Oh and I sooo love the size of your portions!!

Anonymous said...

Sorry cookbook junkie...i posted my comment and only then read yours.
Indian cooking has lots of recipes with white poppy seeds. But yes u are right I think in the west, lemon-poppy seed combo probably calls for a black (or blue!!) one.

Anonymous said...

Cookbook Junkie, S: Says a lot about my sometimes blinkered vision that the thought of black/blue poppyseeds didnt even enter my head! :) Ofc I've seen the little black poppyseeds on specialty bread in bakeries... I DO know about them, I just didnt associate myself cooking with them. Plus I havent seen them in the Indian store where I buy my supplies. Gotta look out for them in regular markets, methinks.
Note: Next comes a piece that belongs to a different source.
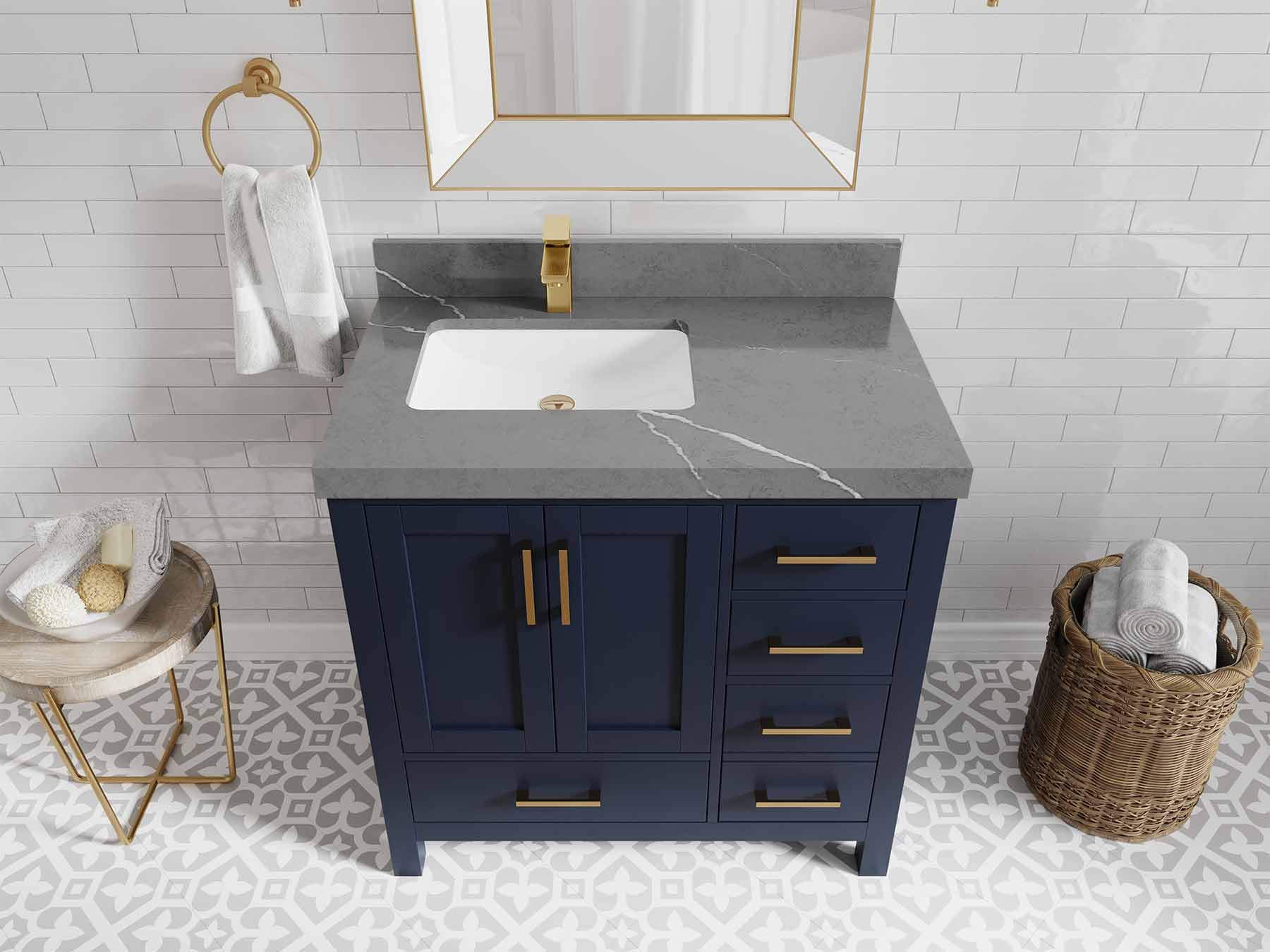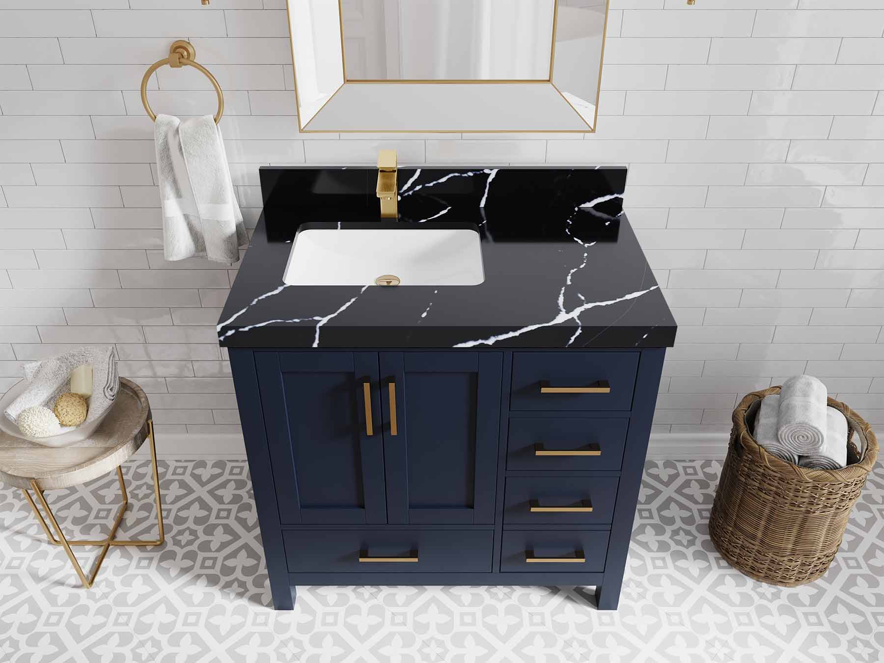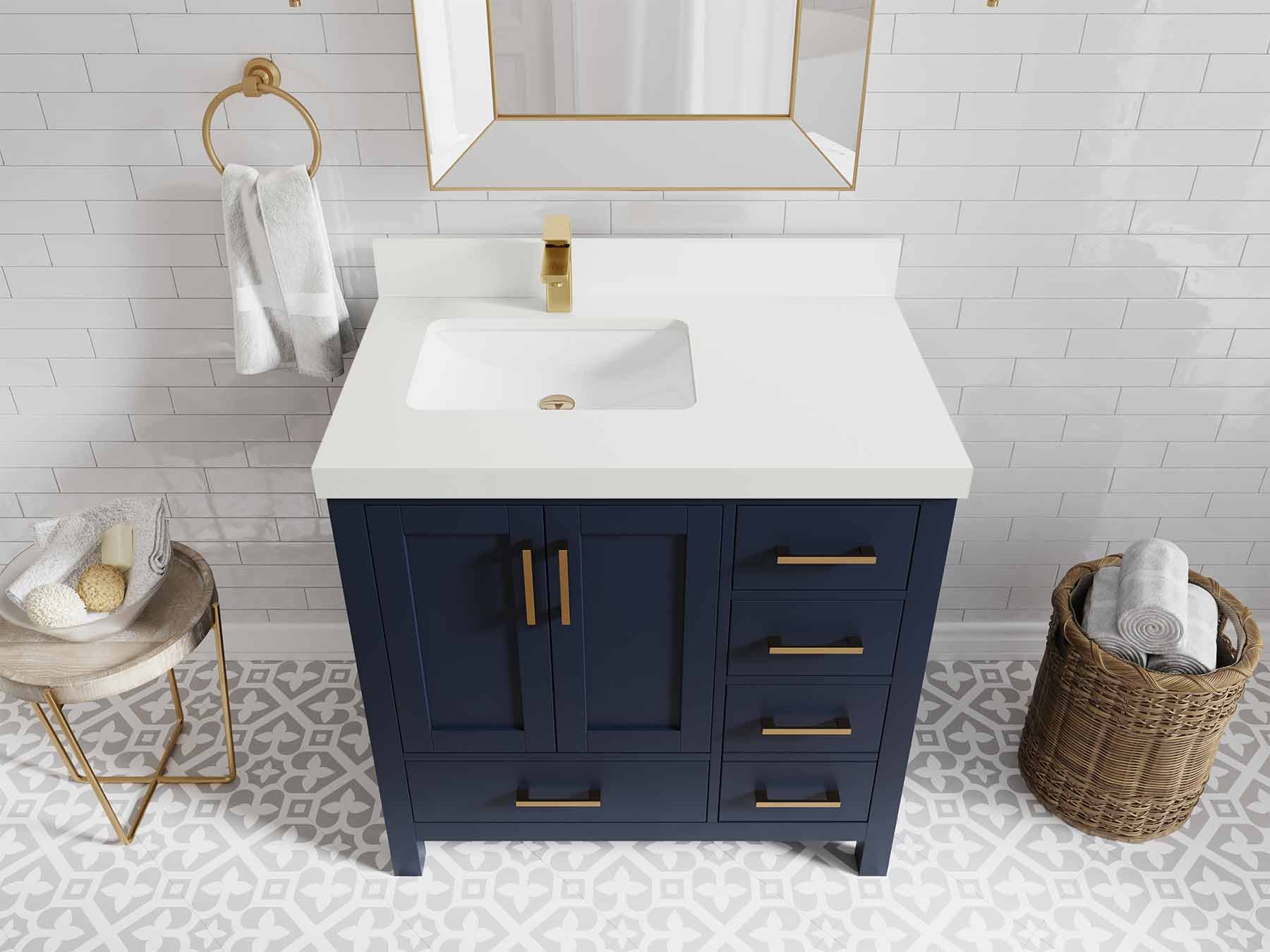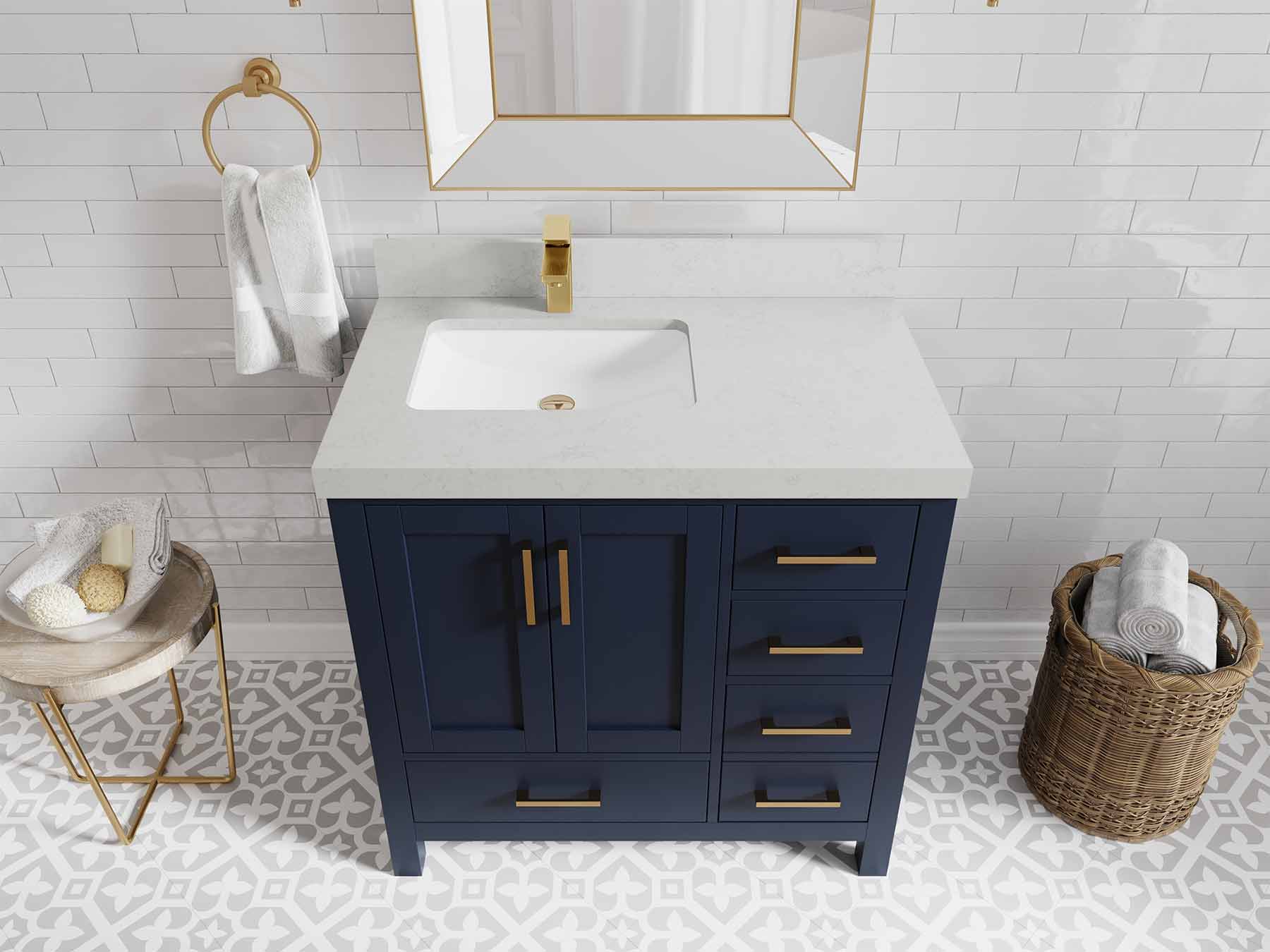 Malibu 36 in. W x 22 in. D Left Offset Sink Bathroom Vanity | Navy Blue

Thanks for the research and info, guys!

Lakshmi said...

cake looks yummy friend.

Shammi said...
This comment has been removed by a blog administrator.
Anonymous said...

Thanks, Lakshmi! :)

Lakshmik said...

Yummy. Will try it out.

Anonymous said...

I have eaten the lemon poppyseed muffins in the US. They usually mean the black tiny poppyseed and not the Indian KhusKhus. Maybe that is why you found that the texture was not to your liking (as others have already posted before). Hope you make this again with the black poppyseeds and post the pictures again for us readers living vicariously through your blog :)

Anonymous said...

Hi Shammi,
Thanks to you ! Intha vaaaram Shammi cooking vaaram. Yep. I found your blog when I was googling and I found that all my favourite vegetarian south india food was here. So on Mon it was Kathirikka Satham, Tues- Aloo-Mutar Kuram, Wed-masala chapati and kojju,
Thu- Veg Pulao, and on Fri- Dal Dhokli (from Lav's page). It is amazing. All the recipes came out wonderful. Am planning on some extra veggie shopping this week :)
I think it will be a good idea to have a rating for each recipe in your blog. I found this HTML code which you can include in your blog and we can rate your wonderful recipes. Here is the link if you want to use it.

Thanks for the lovely recipes and sorry abt the Xtra long comment.

Anonymous said...

Anon: Point noted :) I'll be looking out for the little black/blue poppy seeds and give the cake another go!

Kaskuss: Glad you found the recipes useful! :) and thank you very much for the link to the rating code too.